Una grande quantità di codice residente in sistemi complessi, non documentati. È una situazione che corrisponde a quella esistente in molte organizzazioni. Si è portati a credere che la percentuale più grande degli investimenti ICT vada nella direzione di nuove tecnologie. L’amara verità è, invece, che la gran parte dei soldi viene spesa per manutenere i sistemi più vecchi, quelli cosiddetti legacy, ovvero quelli che sono frutto dell’eredità del passato. Sistemi che sono tuttora organici alle necessità aziendali, ma che sono cresciuti in modo disorganizzato e non pianificato. Di fatto, dietro questi sistemi, il cui codice è continuato a crescere nel tempo, esistono funzionalità e difetti di cui nessuno è ormai a conoscenza.

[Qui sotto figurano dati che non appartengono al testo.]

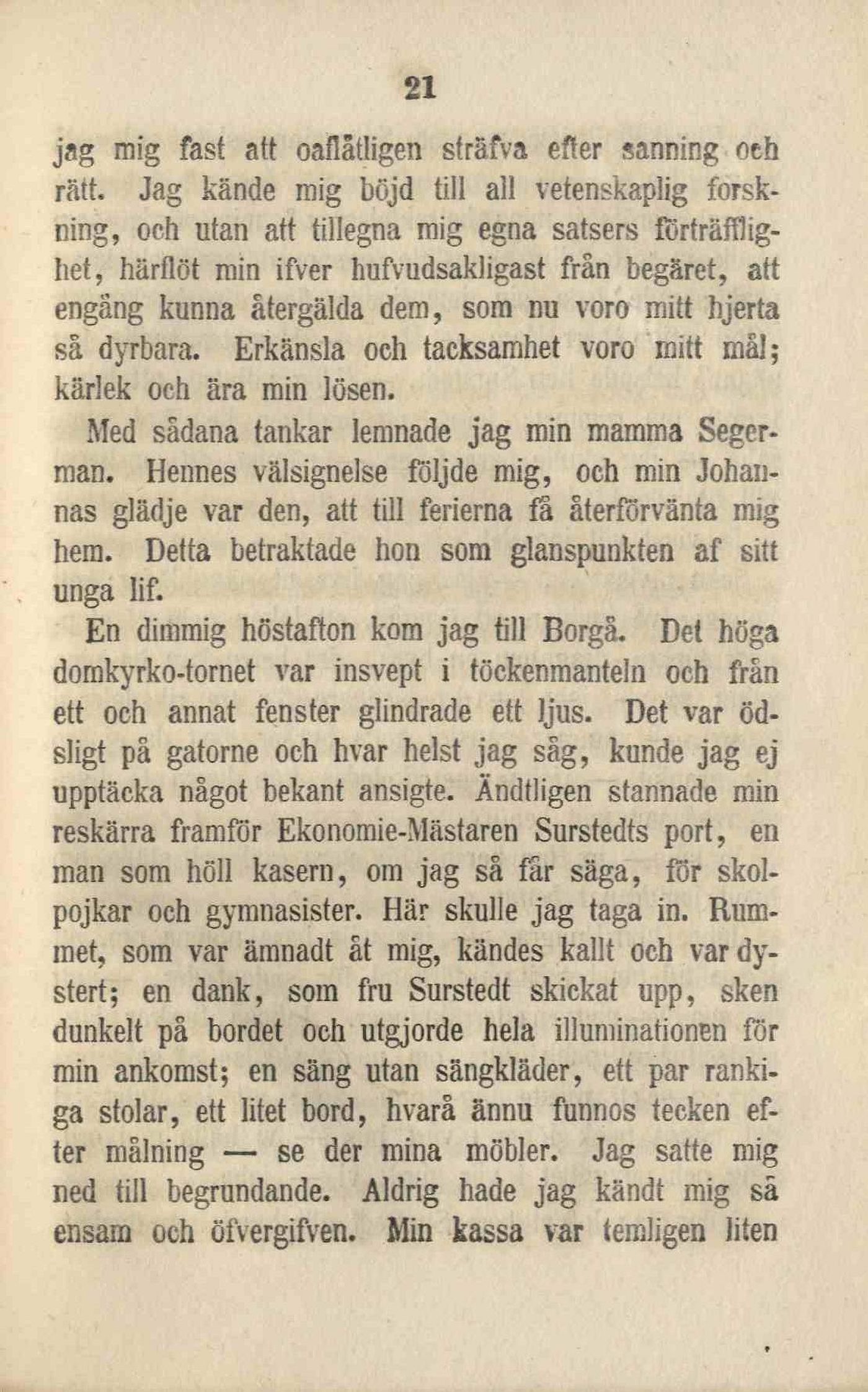 Med sådana tankar lemnade jag min mamma Segerman.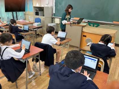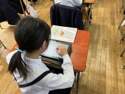 3年生の教室です。先生に指示に従いながら、タブレット端末の学習を進めています。今日はデジタルドリルなどの学習に取り組みました。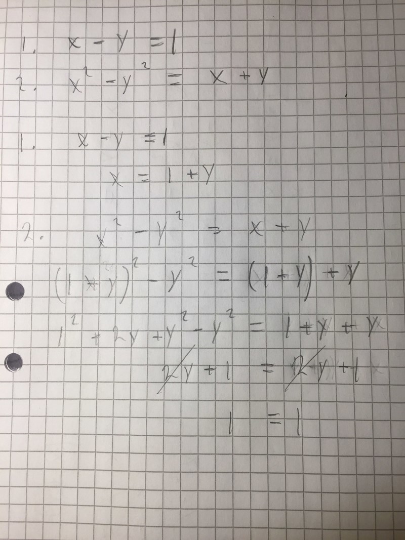 x2 - y2 = (1 + y)2 - y2 = 1 + 2y + y2 - y2 = 1 + 2y = (x - y) + 2y = x + y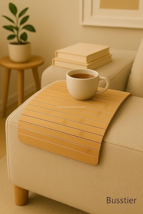 Bambu Katlanabilir Yan Sehpa 40×29 cm, Koltuk ve Kanepe Kenarı Portatif Tepsi, Amerikan Servisi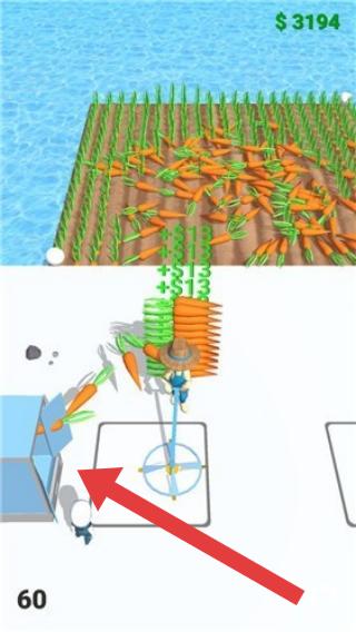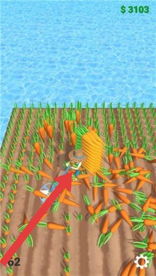 2、呈現農田場景,有角色、胡蘿卜作物、收割工具,上方顯示金錢$3103,是農場收割玩法,玩家操控角色收割作物,屬于模擬農場經營、側重收割操作的內容。

Chiunque abbia lavorato nell’area della manutenzione del software sa che non è semplice mettere le mani nel codice sviluppato da altri e comprenderne il significato. A prima vista può sembrare che sia dedicato a svolgere una determinata funzione mentre, a causa di porzioni di codice cui si relaziona, l’effetto è diverso. Ciò significa che per comprendere la vera complessità del sistema è necessario affrontare un’analisi estesa, mirata a tutte le componenti del sistema: il codice, ovviamente, l’hardware, le interfacce con altri sistemi, i dati, le procedure, le persone stesse che operano su quel sistema.

L’ideale sarebbe riuscire ad avere disponibile una documentazione accurata e aggiornata. Ma ciò accade di rado.

L’esperienza ci insegna che anche la più piccola delle modifiche può dare luogo a un’infinita serie di conseguenze su tutte le componenti che sono interessate al sistema in oggetto. Per le persone addette al collaudo del software questo significa dover sempre accertarsi che le modifiche siano state fatte correttamente così come accertarsi che esse non abbiano causato effetti collaterali, non pianificati, sulle componenti associate. Questo tipo di attività è nota come test di conferma e test di regressione.

Nel test di regressione è importante sapere il numero di prove (test case) necessarie per collaudare una nuova release di software. Ciò dipende da:

Il livello di rischio del sistema da collaudare – Se l’effetto potenziale di difetti è minimo, è inopportuno eseguire un gran numero di test per ogni modifica effettuata. Tuttavia, se davvero sussistono dei rischi reali, è bene procedere con un gran numero di prove.

Il livello di integrazione del sistema – Questa è una lama a doppio taglio. Da una parte si ritiene che i sistemi altamente integrati richiedano test di regressione a causa della loro complessità e del gran numero di interfacce presenti (un cambiamento in un modulo potrebbe scatenare un difetto all’interno del flusso procedurale); dall’altra questi sistemi si prestano con molta difficoltà a essere sottoposti a test di regressione in quanto dovrebbero essere implementate un gran numero di prove per riuscire davvero a coprire l’intera dimensione ed estensione del sistema. Se fossimo nella condizione di poter prevedere quali potrebbero essere gli errori non vi sarebbe necessità di eseguire dei test di regressione. Ma questo non è quanto mediamente si verifica con la maggior parte dei sistemi.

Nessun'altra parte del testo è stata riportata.